The usual ratio of Friedman criticism is 2:1, i.e., two human words to make sense of each single word of Friedmanese. Friedman is such a genius of literary incompetence that even his most innocent passages invite feature-length essays. I'll give you an example, drawn at random from The World Is Flat. On page 174, Friedman is describing a flight he took on Southwest Airlines from Baltimore to Hartford, Connecticut. (Friedman never forgets to name the company or the brand name; if he had written The Metamorphosis, Gregor Samsa would have awoken from uneasy dreams in a Sealy Posturepedic.) Here's what he says:

I stomped off, went through security, bought a Cinnabon, and glumly sat at the back of the B line, waiting to be herded on board so that I could hunt for space in the overhead bins.

Forget the Cinnabon. Name me a herd animal that hunts. Name me one.

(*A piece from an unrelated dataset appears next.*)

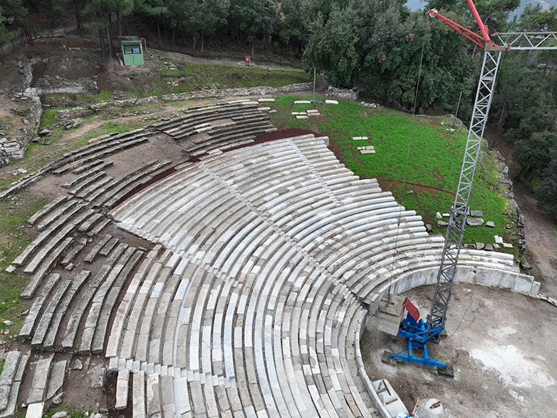 Στο επόμενο χρονικό διάστημα αναμένεται να απομακρυνθεί από το εσωτερικό του αρχαίου θεάτρου ο γερανός, με τη βοήθεια του οποίου έγινε η τοποθέτηση των εδωλίων, ώστε στη συνέχεια να ολοκληρωθεί και το έργο της επίστρωσης της ορχήστρας. Το αρχαίο θέατρο θα είναι εν μέρει επισκέψιμο, κυρίως στο κοίλο του, αφού οι εργασίες θα συνεχίζονται στο εσωτερικό του, ωστόσο οι επισκέπτες θα έχουν την ευκαιρία να θαυμάσουν από κοντά το έργο της αποκατάστασης που έγινε.

This would be a small thing were it not for the overall pattern. Thomas Friedman does not get these things right even by accident. It's not that he occasionally screws up and fails to make his metaphors and images agree. It's that he always screws it up. He has an anti-ear, and it's absolutely infallible; he is a Joyce or a Flaubert in reverse, incapable of rendering even the smallest details without genius. The difference between Friedman and an ordinary bad writer is that an ordinary bad writer will, say, call some businessman a shark and have him say some tired, uninspired piece of dialogue: Friedman will have him spout it. And that's guaranteed, every single time. He never misses.

On an ideological level, Friedman's new book is the worst, most boring kind of middlebrow horseshit. If its literary peculiarities could somehow be removed from the equation, The World Is Flat would appear as no more than an unusually long pamphlet replete with the kind of plug-filled, free-trader leg-humping that passes for thought in this country. It is a tale of a man who walks 10 feet in front of his house armed with a late-model Blackberry and comes back home five minutes later to gush to his wife that hospitals now use the internet to outsource the reading of CAT scans. Man flies on planes, observes the wonders of capitalism, says we're not in Kansas anymore. (He actually says we're not in Kansas anymore.) That's the whole plot right there. If the underlying message is all that interests you, read no further, because that's all there is.

[...]

The book's genesis is conversation Friedman has with Nandan Nilekani, the CEO of Infosys. Nilekani causally mutters to Friedman: "Tom, the playing field is being leveled." To you and me, an innocent throwaway phrase – the level playing field being, after all, one of the most oft-repeated stock ideas in the history of human interaction. Not to Friedman. Ten minutes after his talk with Nilekani, he is pitching a tent in his company van on the road back from the Infosys campus in Bangalore:

As I left the Infosys campus that evening along the road back to Bangalore, I kept chewing on that phrase: "The playing field is being leveled."

What Nandan is saying, I thought, is that the playing field is being flattened… Flattened? Flattened? My God, he's telling me the world is flat!

This is like three pages into the book, and already the premise is totally fucked. Nilekani said level, not flat. The two concepts are completely different. Level is a qualitative idea that implies equality and competitive balance; flat is a physical, geographic concept that Friedman, remember, is openly contrasting – ironically, as it were – with Columbus's discovery that the world is round.

[...]

To recap: Friedman, imagining himself Columbus, journeys toward India. Columbus, he notes, traveled in three ships; Friedman "had Lufthansa business class." When he reaches India – Bangalore to be specific – he immediately plays golf. His caddy, he notes with interest, wears a cap with the 3M logo. Surrounding the golf course are billboards for Texas Instruments and Pizza Hut. The Pizza Hut billboard reads: "Gigabites of Taste." Because he sees a Pizza Hut ad on the way to a golf course, something that could never happen in America, Friedman concludes: "No, this definitely wasn't Kansas."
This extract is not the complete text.